INPUT DATA –
□ □ □ □ □ □ □

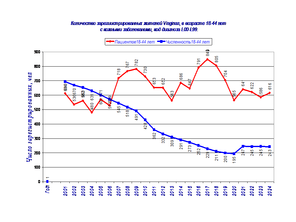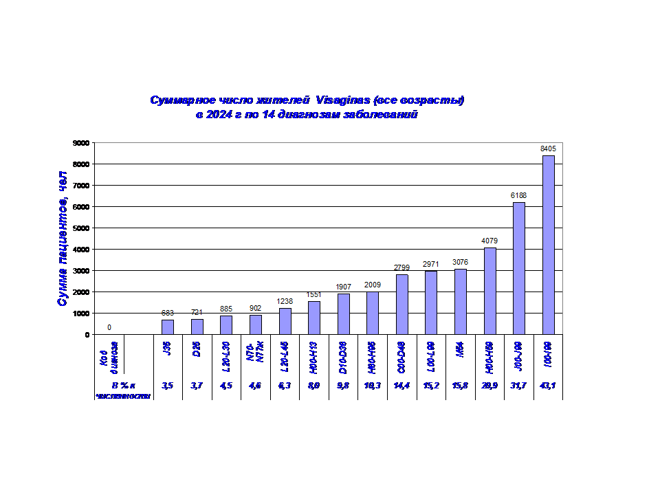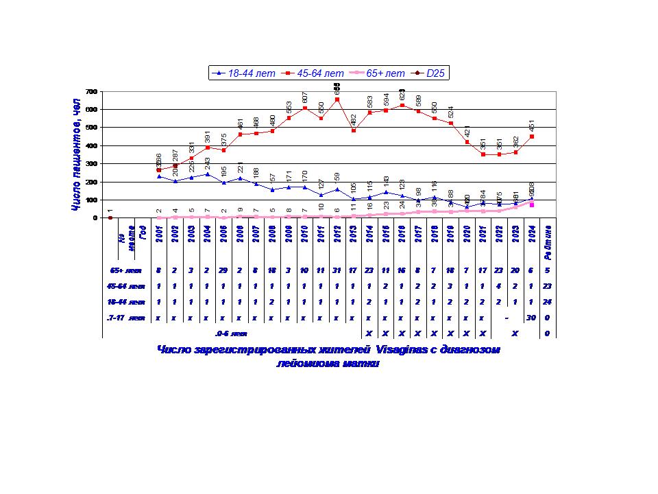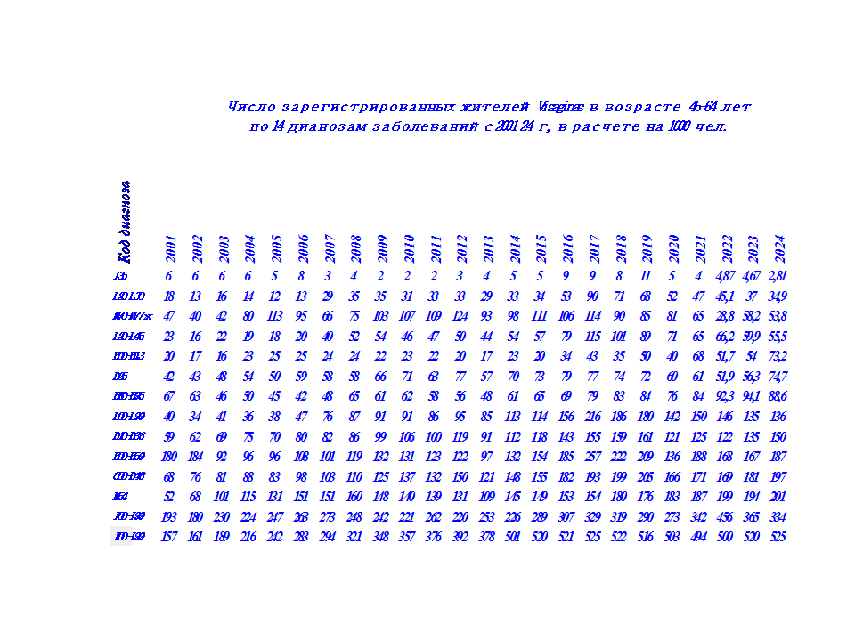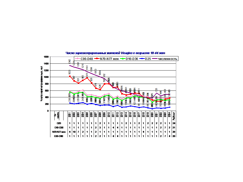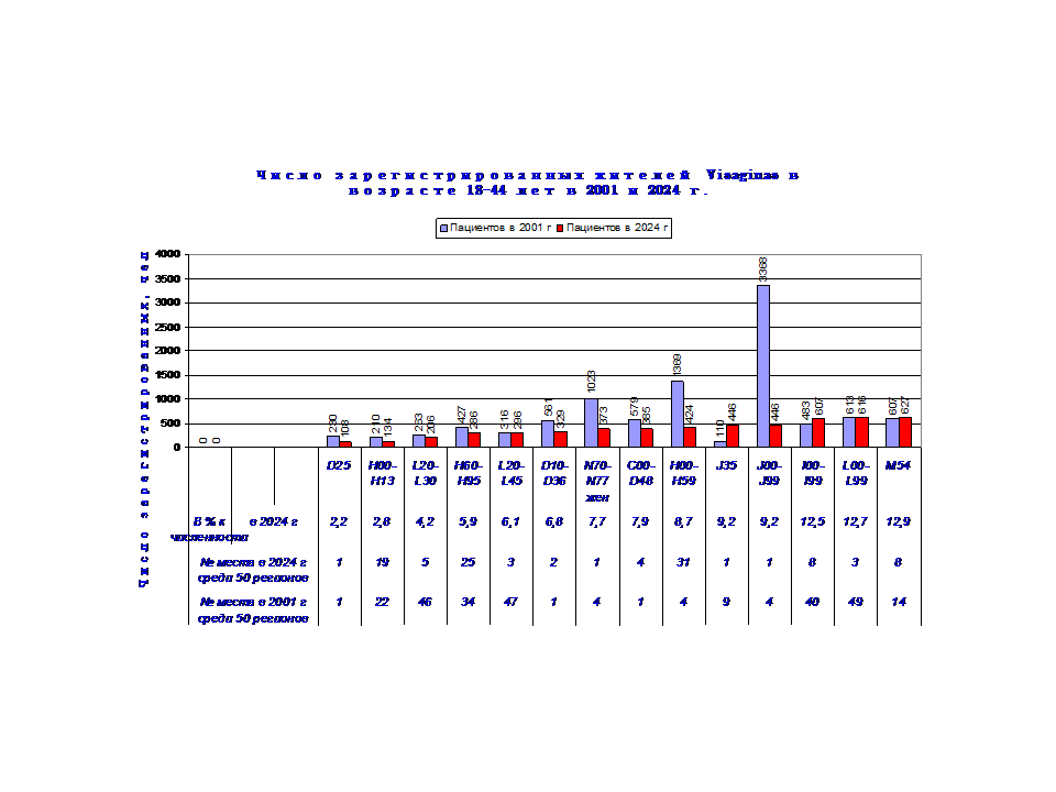 Здесь представлены данные о числе зарегистрированных жителей Visaginas по 14 диагнозам заболеваний в период с 2001 г по 2024 г., таблица 2.
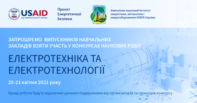 Запрошуємо випускників навчальних закладів взяти участь у конкурсах наукових робіт «Електротехніка та електротехнології»
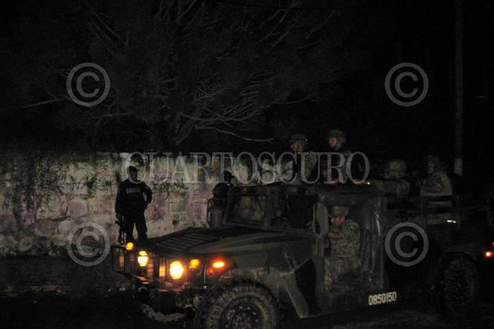 CHILPANCINGO, GUERRERO, 20SEPTIEMBRE2010.- Una balacera entre presuntos sicarios del crimen organizado y efectivos del ejercito mexicano se registro la noche de este domingo entre las colonias El Tomatal y Almolonga, dejando como saldo un presunto sicario muerto y tres efectivos del ejercito mexicano heridos de gravedad y el decomiso de 5 camioneta de lujo abandonadas, cientos de cartuchos utiles, rifles AK-47 (cuernos de chivo) y varias granadas. FOTO: OSCAR ALVARADO/CUARTOSCURO.COM
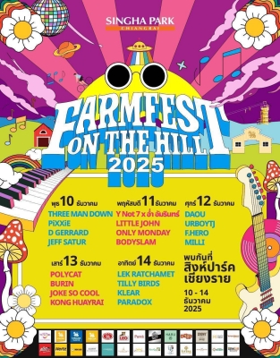 - สายคอนเสิร์ตเตรียมขึ้นเชียงราย 10–14 ธ.ค.นี้ "Farm Festival On The Hill" สิงห์ปาร์ค เชียงราย 24 พ.ย. 2568

□ □ □ □ □ □ □

EXERCISE DESCRIPTION –
Leave out the pictures, and retype exactly the lines from the one containing "Запрошуємо випускників навчальних" through the last line of the data above, no more and no less.

TASK RESULT –
 Запрошуємо випускників навчальних закладів взяти участь у конкурсах наукових робіт «Електротехніка та електротехнології»
 CHILPANCINGO, GUERRERO, 20SEPTIEMBRE2010.- Una balacera entre presuntos sicarios del crimen organizado y efectivos del ejercito mexicano se registro la noche de este domingo entre las colonias El Tomatal y Almolonga, dejando como saldo un presunto sicario muerto y tres efectivos del ejercito mexicano heridos de gravedad y el decomiso de 5 camioneta de lujo abandonadas, cientos de cartuchos utiles, rifles AK-47 (cuernos de chivo) y varias granadas. FOTO: OSCAR ALVARADO/CUARTOSCURO.COM
 - สายคอนเสิร์ตเตรียมขึ้นเชียงราย 10–14 ธ.ค.นี้ "Farm Festival On The Hill" สิงห์ปาร์ค เชียงราย 24 พ.ย. 2568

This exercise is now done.